Their codebase was so big and hard to test that they ended unable to add tests to any of the legacy code. Instead, as they added functionality, they implemented it in a parallel codebase that had the ability to call the legacy code, and which the legacy code could call. Then they would implement the new feature with proper TDD and add the proper hooks into the legacy codebase. They had a nice picture of this which will hopefully end up in a publically-available paper.

Over time, as the parallel codebase becomes more and more full-features, they hope to start removing code from the original codebase. But for now, the two live side by side. There's no attempt to refactor existing code. They summarized it like this:

Start refactoring bottom-up, followed by periodic top-down review to unify the architecture.

Replace "refactoring" with "TDD" and you have great advice for any codebase.

Yikes, I've only talked about one 30 minute experience report. I can see that I'm going to have to leave a lot out today.

Okay, so my other favorite experience report today was Arlo's about Promiscuous Pairing. Arlo has a ton of energy and it was a fun talk. I have a feeling that you need to see this one to get the most of out of it. Grab Arlo and make him give the talk for you. Arlo, if you're reading this, you should give that talk at XPDX.

Anyway, the bottom line is that Arlo had a team where they tried a whole bunch of different approaches to pair programming. The found that the most productive approach was to have pairs switch every 90 minutes on a team of six people and every two hours on a team of 10. By "switch," he meant for one person--the one who'd been on it longest--to rotate off onto another task.

Arlo had some interesting conjectures about why this was true. The main reason was that it encouraged "beginner's mind," a state of mind in which you learn most quickly. Other reasons including applying all of the team's talents to problems and "technique telepathy" in which skills and techniques are very quickly transferred from one person to the entire team.

This isn't something to try on every team, but it was an absolutely fascinating report.

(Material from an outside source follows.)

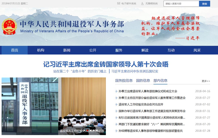 中华人民共和国退役军人事务部门户网站于7月31日上线运行,网址为www.mva.gov.cn。网站开设机构、新闻、公开、服务、解读、互动、风采等频道,秉承“维护军人军属合法权益,让军人成为全社会尊崇的职业”这一宗旨,向全社会宣传退役军人为党、国家和人民牺牲奉献的精神风范和价值导向,提供“互联网+退役军人服务”,打造退役军人工作信息公开、政策发布解读和及时回应关切的第一平台。
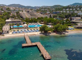 Хотелът се намира на 40 км. от летище Милас, на 20 км. от центъра на Бодрум, в района на Ялъкавак, на брега на морето, в красивия залив Тилкичик. Построен е през 2003 г., с обща площ от 16 000 м2. Последно реновиран през 2019 г, пълна реновация на клубните стаи през 2020г. Стаи: Хотелът разполага общо с 341 стаи, от които 155 стандартни в основния блок, 93 в анекс сграда и 85 клубни. Всички стаи са оборудвани с климатик, телевизор, телефон, баня с душ, сешоар, мини бар (безплатен при пристигане), сейф (платен), балкон (основна сграда и икономични) и френски балкон (анекс сграда). Почистване на стаите - всеки ден, смяна на спалното бельо и кърпите - 3 пъти в седмицата. В хотела: Основен ресторант, 2 а-ла-карт ресторантa (рибен, турски; с предварителна резервация, 01.07 до 15.09, минимален престой 5 нощувки - ;може да се ползва 1 безплатно посещение на а-ла-карт ресторант), 4 бара - снек бар, лоби бар, при басейна и на плажа) дискотека, 2 открити и 1 закрит басейн, водни пързалки, магазин, СПА център, фитнес, козметичен салон, фризьорски салон, паркинг, 24-часова рецепция, мини маркет. Безплатни услуги: Сауна, турска баня, фитнес, билярд, шах, тенис на маса, дартс, анимация, вечерни шоу програми, интернет в общите части. Платени услуги: Масаж, процедури в СПА центъра, фризьор, магазини, курс по гмуркане, моторни водни спортове, шах, химическо чистене и пране, обмяна на валута. За децата: 2 открити и 1 закрит детски басейн, водни пързалки, детска площадка, мини клуб (4-12г.), детегледачка с/у заплащане. Хранене: All Inclusive - закуска, обяд, вечеря и междинни хранения на шведска маса; алкохолни и безалкохолни напитки местно производство без лимит. Плаж: Собствен, пясъчен, платформа, със сертификат "Син флаг". Чадъри и шезлонги на плажа и при басейна - безплатно, плажни кърпи - срещу депозит. |

If you can get a chance to see Arlo deliver it in person, take advantage.

After lunch, I attended Zhon Johansen's workshop about pitfalls of working with customers. The workshop format was very interesting: he had a "Who's Line Is It Anyway?"-style segment in the middle in a selection of attendees ad-libbed a story about a development project with all of the worst customer interaction pitfalls. I was too busy concentrating on my next line to really hear the story but it sounded pretty awful. :) I had a lot of fun with that. Thanks, Zhon.

This conference has a really vibrant Open Space track. For the second half of the afternoon, I participated in a few of those. One was about project management on agile projects (I say, "agile projects just let you focus on real management--the people stuff--and stop worrying about administrivia like MS Project") and one was about what it takes to adopt agile.

The second open space was particularly good. It was a small group session that was composed primarily of people who had a lot of experience in helping organizations adopt agile methods. We came up with an absolutely fantastic list of things that an organization needs to think about when adopting agile methods. It included a lot of things that people forget about, like "get people's agreement and buy-in." Obvious, I know, but you'd be surprised at how many times just today I've heard people say stuff like, "How can I make 'them' (customers, management) work with my agile team?" I don't know... how about including them in the "us" decision to be agile in the first place??

We'll be posting more about this soon. We've decided to create a website and everything. Watch this space... I just registered the domain name. I won't say what it is, 'cause there's no site there yet, but it has to do with adopting agile. Now, what domain name could I have picked? Hmm...

Dinner with Diana Larsen, Esther Derby, Dale Emery, three people I have a huge amount of respect for. Fun times. Followed by an entertaining gathering of the XP mailing list folks. Hey, if any of you are reading this, could you let the list know that I'm posting these blog entries? I think they might be interested and I can't send email from my hotel room. :(

All in all a fantastic day. The conference's already been worth the price of admission and it's only half over.